→ **INPUT DATA**:
BEGIN
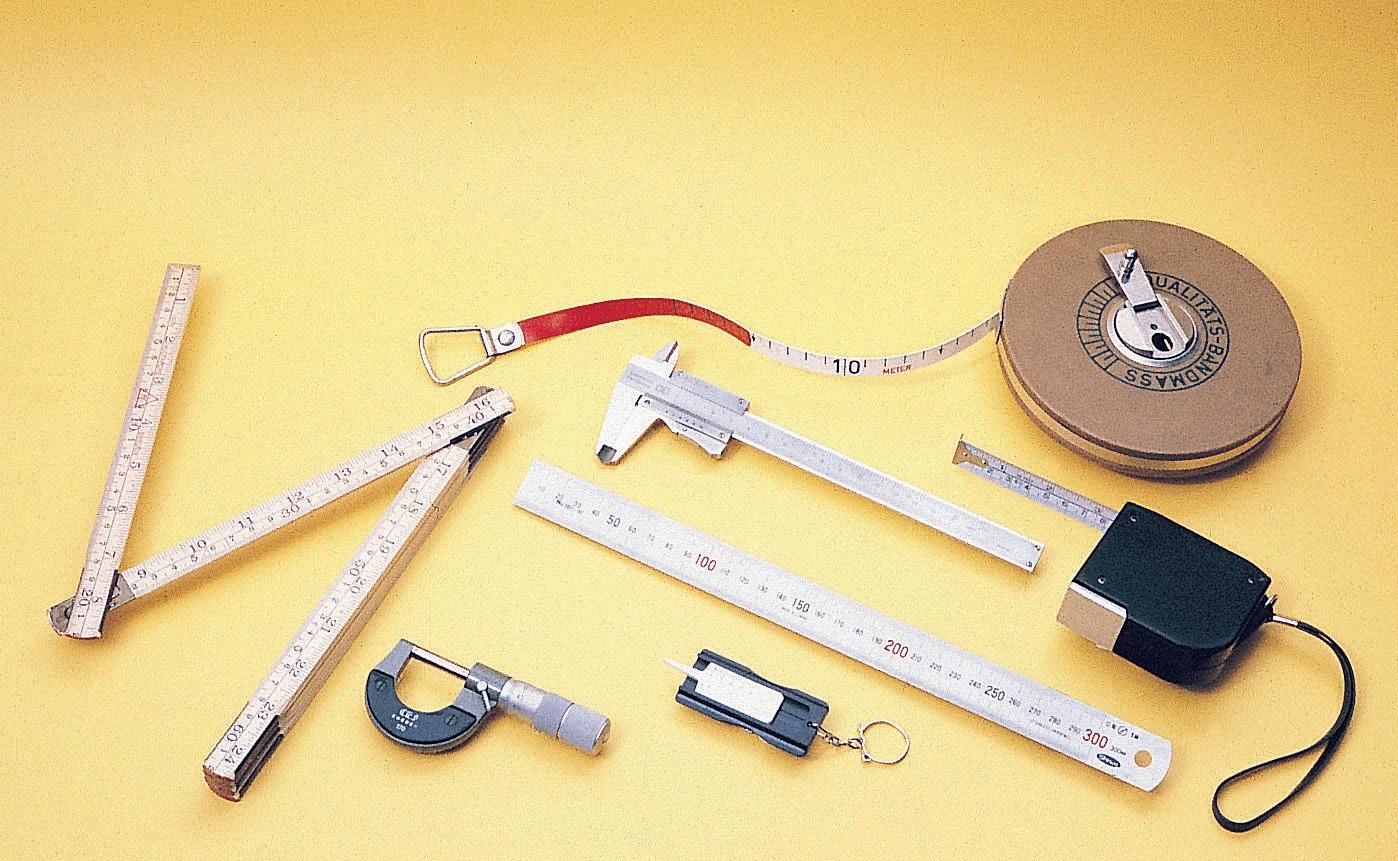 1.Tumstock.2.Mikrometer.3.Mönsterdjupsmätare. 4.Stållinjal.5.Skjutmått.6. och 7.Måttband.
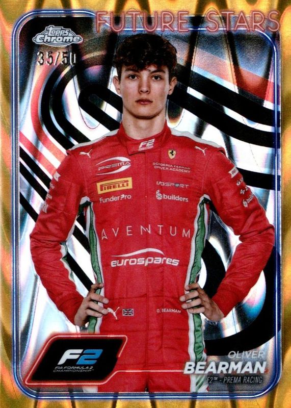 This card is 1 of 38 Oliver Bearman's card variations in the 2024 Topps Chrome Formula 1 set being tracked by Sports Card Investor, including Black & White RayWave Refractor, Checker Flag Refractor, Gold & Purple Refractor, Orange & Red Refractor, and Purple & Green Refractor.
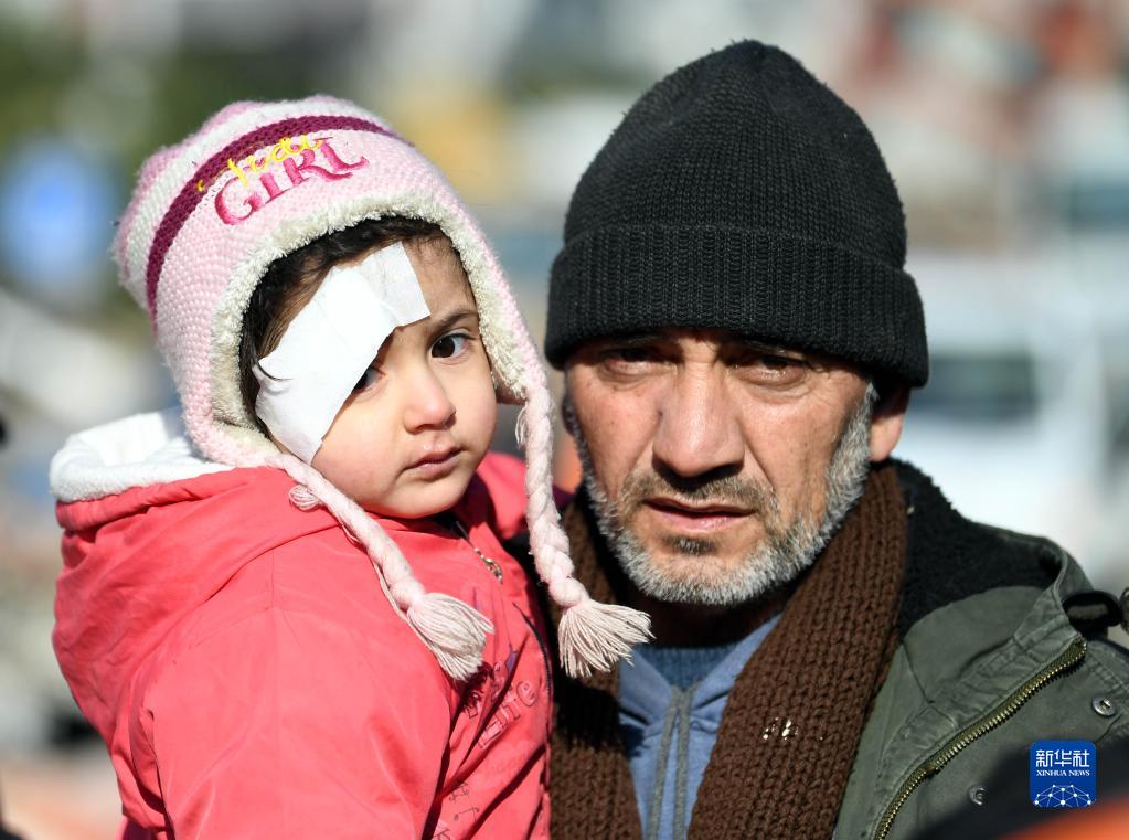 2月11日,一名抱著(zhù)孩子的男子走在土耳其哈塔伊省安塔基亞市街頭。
END
→ **AIM OF THE TASK**:
Write the full listing out again with every line unchanged, but include no pictures.

→ **SOLUTION TO THE EXERCISE**:
 1.Tumstock.2.Mikrometer.3.Mönsterdjupsmätare. 4.Stållinjal.5.Skjutmått.6. och 7.Måttband.
 This card is 1 of 38 Oliver Bearman's card variations in the 2024 Topps Chrome Formula 1 set being tracked by Sports Card Investor, including Black & White RayWave Refractor, Checker Flag Refractor, Gold & Purple Refractor, Orange & Red Refractor, and Purple & Green Refractor.
 2月11日,一名抱著(zhù)孩子的男子走在土耳其哈塔伊省安塔基亞市街頭。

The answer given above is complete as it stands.